行定発言!
Q:「世界の中心で、愛をさけぶ」の篠田昇カメラマンってどんな人だったんですか?
A:この作品のロケ地を訪ねている人も多いんですけど、
あの素晴らしい島と海、瀬戸内海と山がある象徴的なロケ地だったり、
ブランコのある高台があったりする場所を見つけたのは篠田さんなんですよ。
あの場所は僕の理想の場所で、イメージを書いた地図を制作部に渡してあったんですよ。
制作のロケーション担当が探したんですけど、
ところどころではあるんですけど、なかなか全部があるロケ地が見つからなかったんですよ。
それでロケハンの最終日に篠田さんが地図を見て、「ここに行ってみよう!」と言うんです。
もう動物的カンですよ。
「地図上で見ると、この海に太陽は沈まないんだけど、行ってみようよ!」という篠田さん。

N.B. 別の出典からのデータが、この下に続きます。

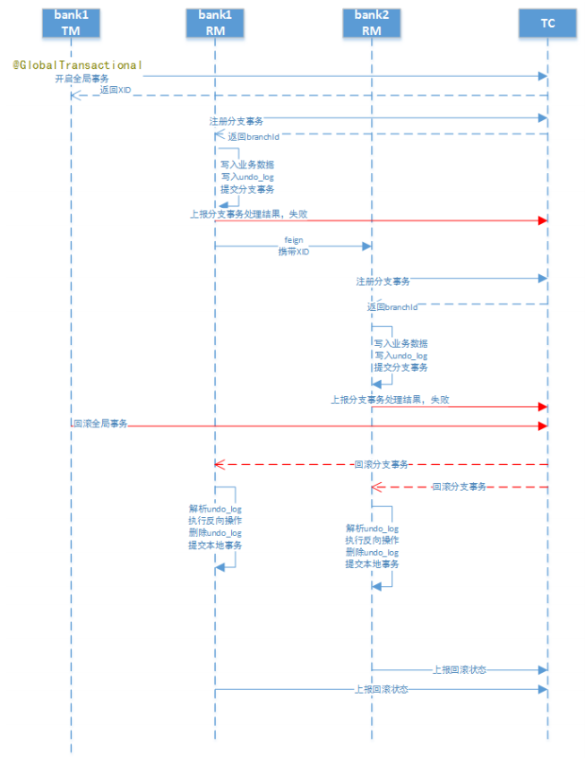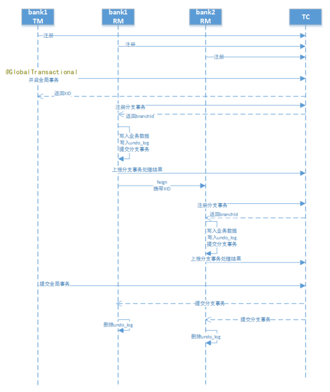 两个账户在三个不同的银行(张三在bank1、李四在bank2),bank1和bank2是两个个微服务。交易过程是,张三给李四转账指定金额。

行ってみると、まさに僕が思っていたような町並みなんです。
写真館がありそうな空き地があったり、高台に上ってみるとブランコがあるんですよ。
もともとブランコのシーンはシナリオにはなかったんですよ。
夕日が沈まないだろうと地図上では思っていた防波堤に行くと、夕日が沈むんです。
奇跡的です。
篠田さんは、そこに甘んじないでどんどん奥に歩いて行くんです。
撮影的には場所は網羅してるんですけどね。
「なんかある。なんかまだある。これが俺の理由じゃない!」って言ってるんです。
するとある空き地があって、外壁がずっと立ってて、そこに植木が置いてあるんです。
なんかへんな感じだなと思って見ると、そこは映画館の跡地なんですよ。
映画館の段々になっているところに植木が置いてあったんですよ。
ふっと見ると草むらのなかに、錆びつた映写機があったんですよ。
映画の神様がこの映写機で僕らを呼んだのかな・・・・って話したんですけどね。